Anderton Carrying Company & Anderton Company Ltd

Description

Records of Anderton Carrying Company & Anderton Company Ltd: goods invoices 1839-1848, boat registration certificate 1921, photocopy from "Anderton Dock Book" 1922-1938.

Date

1839-1938

Reference code

BW127

Access Status

These records are available immediately for research

Administrative /​ Biographical history

The Anderton Company was a re-naming of Alexander Reid & Company, carriers of pottery raw materials and finished products between Liverpool and the Potteries. All their goods were transshipped at Anderton. The re-naming took place in 1836, by which point the company was already fairly established. Narrow boats were used on the canals and flats on the river.
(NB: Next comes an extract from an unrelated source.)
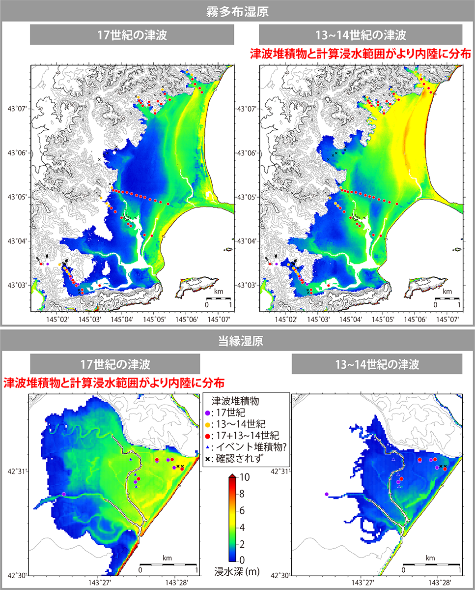 図3:17世紀の津波と13~14世紀の津波による、津波堆積物の分布範囲と津波の計算浸水範囲の比較。根室沖に面した霧多布湿原(上)と十勝沖に面した当縁湿原(下)。津波堆積物の情報は本研究と先行研究※3、※4、※5より確認されたものを図示。
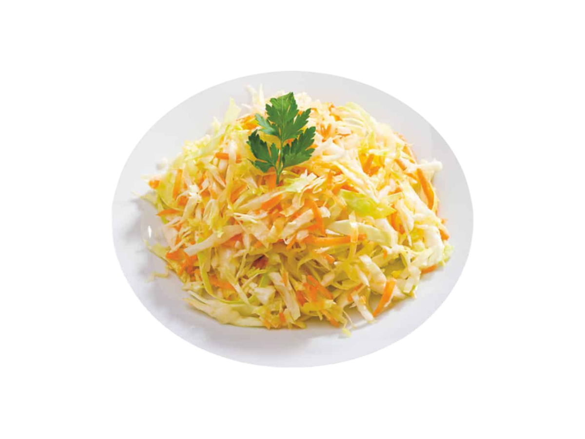 с гарнитура пържени картофи, зеле с моркови и лютеница 500г

The Bridgewater trustees bought it in 1848 and ran it successfully until W H Boddington and Edward Pamphilon bought it in 1876. Twenty two years after, it passed to a limited company run by Boddington's son Henry. The Boddington family's control of the company was relinquished in 1954. Anderton merged with the Mersey, Weaver & Ship Canal Carrying Company, but remained the Bridgewater's agents and continued to have 'Bridgewater Navigation Route' prominently displayed on their boats. At its height, there were 175 boats, all painted black with a red and white border and white lettering. Decorative painting peaked in the 1930s with William Hodgson's roses designs. The majority of the boats were named after counties, towns and rivers. The company had a boatyard at Middleport, Burslem for building and repairing the fleet. It still specialised in pottery traffic, but also carried coal, flour and gravel. Motor boats first appeared in the fleet in the 1920s, although the last of the horse boats for short-hauls were not retired until the 1950s. The British Transport Commission bought the company in 1958, and disposed of most of the fleet. For further information on the Anderton Carrying Company & Anderton Company Ltd see Edward Paget-Tomlinson's 'The Illustrated History of Canals & River Navigations'.

System of arrangement

It has not been possible to ascertain any original structure of record-keeping from the small number of records held for this company. The fonds has therefore been arranged in chronological order.